Data in this exercise
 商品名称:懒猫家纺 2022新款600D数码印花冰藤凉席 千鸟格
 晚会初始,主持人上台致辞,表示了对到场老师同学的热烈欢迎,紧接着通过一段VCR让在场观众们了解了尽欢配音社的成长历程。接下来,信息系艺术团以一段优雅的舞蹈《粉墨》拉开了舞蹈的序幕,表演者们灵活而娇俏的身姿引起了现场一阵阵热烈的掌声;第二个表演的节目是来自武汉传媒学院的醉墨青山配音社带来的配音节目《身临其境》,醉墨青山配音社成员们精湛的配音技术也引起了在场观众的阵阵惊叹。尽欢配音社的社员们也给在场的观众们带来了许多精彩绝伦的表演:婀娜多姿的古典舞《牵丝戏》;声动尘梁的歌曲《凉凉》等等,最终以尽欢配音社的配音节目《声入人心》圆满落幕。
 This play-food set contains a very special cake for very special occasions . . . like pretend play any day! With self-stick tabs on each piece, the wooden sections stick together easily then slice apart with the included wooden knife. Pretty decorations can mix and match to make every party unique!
* * *
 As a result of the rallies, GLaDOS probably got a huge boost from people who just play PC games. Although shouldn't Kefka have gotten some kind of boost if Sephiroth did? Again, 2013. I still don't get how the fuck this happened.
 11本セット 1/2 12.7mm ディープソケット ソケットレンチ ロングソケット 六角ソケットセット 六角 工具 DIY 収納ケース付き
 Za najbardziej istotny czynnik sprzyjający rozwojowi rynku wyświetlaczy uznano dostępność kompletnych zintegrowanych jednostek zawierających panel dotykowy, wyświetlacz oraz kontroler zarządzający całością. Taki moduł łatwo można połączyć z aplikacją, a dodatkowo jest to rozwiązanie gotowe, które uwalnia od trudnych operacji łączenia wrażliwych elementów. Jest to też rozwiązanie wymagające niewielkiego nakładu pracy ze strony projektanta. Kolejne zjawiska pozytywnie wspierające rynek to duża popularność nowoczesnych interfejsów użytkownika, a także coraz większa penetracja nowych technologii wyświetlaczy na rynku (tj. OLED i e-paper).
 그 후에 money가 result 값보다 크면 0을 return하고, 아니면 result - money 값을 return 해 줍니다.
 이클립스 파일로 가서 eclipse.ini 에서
...
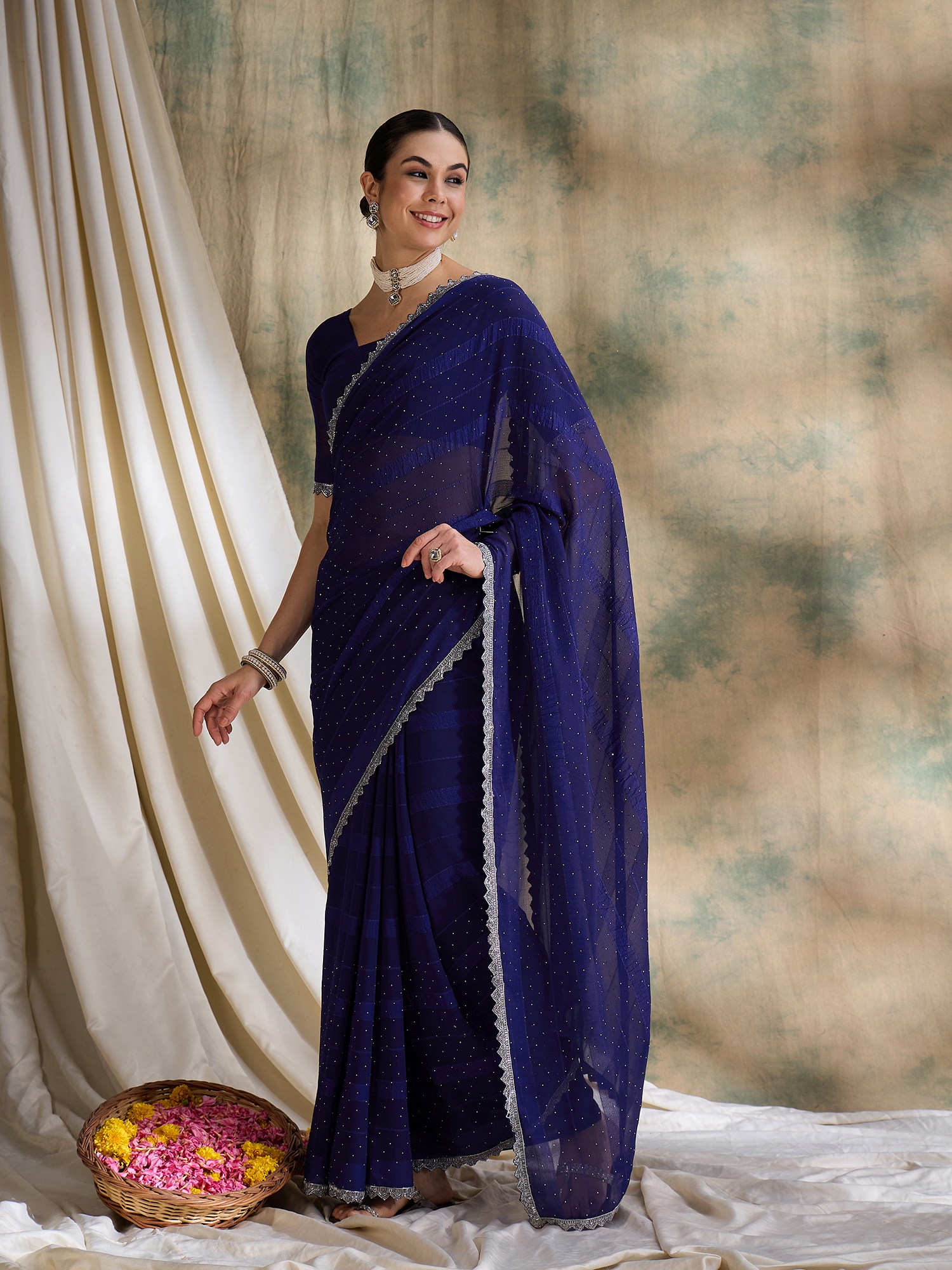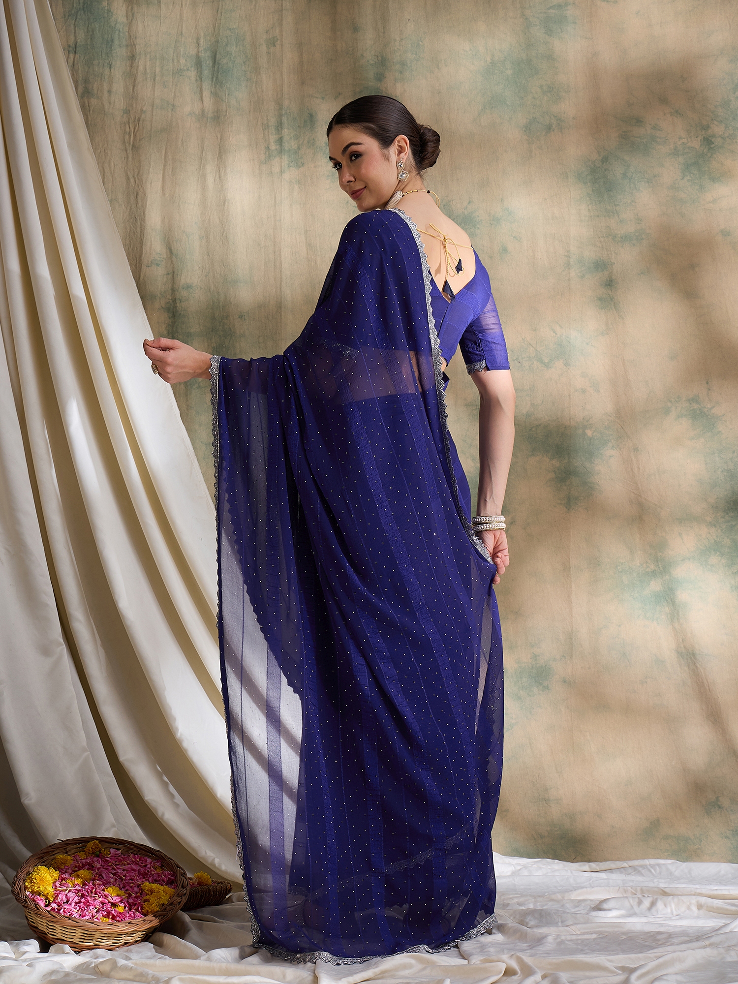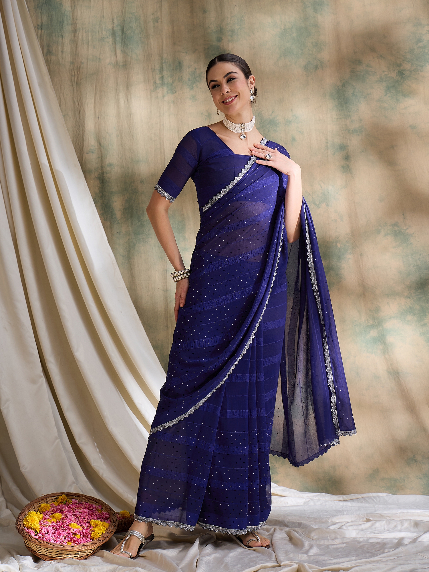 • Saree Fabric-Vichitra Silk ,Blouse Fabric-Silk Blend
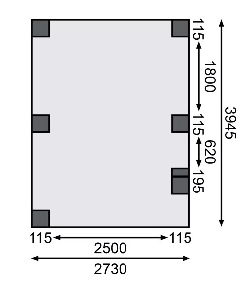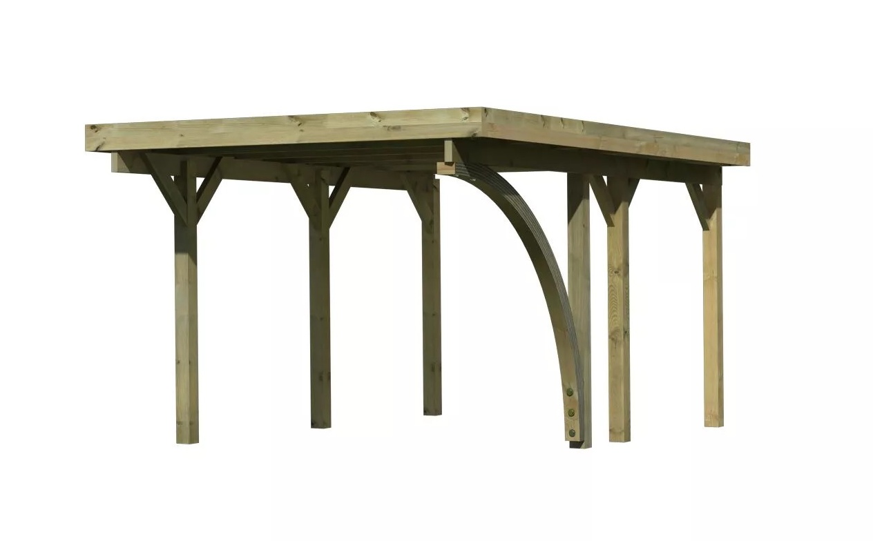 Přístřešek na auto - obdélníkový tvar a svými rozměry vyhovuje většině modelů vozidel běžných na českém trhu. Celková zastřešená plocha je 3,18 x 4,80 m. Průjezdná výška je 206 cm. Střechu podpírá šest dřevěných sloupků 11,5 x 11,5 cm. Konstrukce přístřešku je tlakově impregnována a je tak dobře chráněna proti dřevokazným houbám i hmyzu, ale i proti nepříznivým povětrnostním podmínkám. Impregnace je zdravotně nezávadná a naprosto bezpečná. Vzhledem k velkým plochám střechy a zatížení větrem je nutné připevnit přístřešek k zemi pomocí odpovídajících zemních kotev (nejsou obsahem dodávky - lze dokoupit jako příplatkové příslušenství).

Work required
Looking at the records above, return exactly the lines from the line with "그 후에 money가" to the line with "이클립스 파일로 가서 eclipse.ini 에서", both ends included.

Answer section
 그 후에 money가 result 값보다 크면 0을 return하고, 아니면 result - money 값을 return 해 줍니다.
 이클립스 파일로 가서 eclipse.ini 에서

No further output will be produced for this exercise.